**Data extract**
┌────────
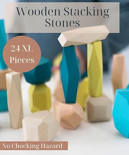 Everett & Avery Co. Premium XL Wooden Blocks - 24 Pack Montessori Stacking Toys for Toddlers 3-5
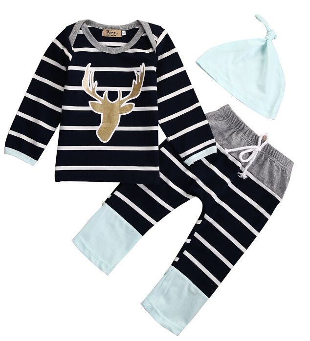 Wholesale Newborn Baby Boys Girls Long Sleeve Tops Long Pants Casual Animals Cotton Hat 3pcs Outfits Set Baby Clothes
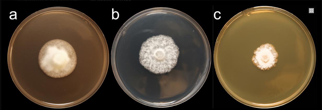 Colonie di Phytophthora ramorum coltivate per 7 giorni su (a) V8® Agar, (b) potato dextrose agar e (c) malt extract agar
└────────
**Required work**
Print the material above once more, exactly, minus the pictures.

**Your response**
 Everett & Avery Co. Premium XL Wooden Blocks - 24 Pack Montessori Stacking Toys for Toddlers 3-5
 Wholesale Newborn Baby Boys Girls Long Sleeve Tops Long Pants Casual Animals Cotton Hat 3pcs Outfits Set Baby Clothes
 Colonie di Phytophthora ramorum coltivate per 7 giorni su (a) V8® Agar, (b) potato dextrose agar e (c) malt extract agar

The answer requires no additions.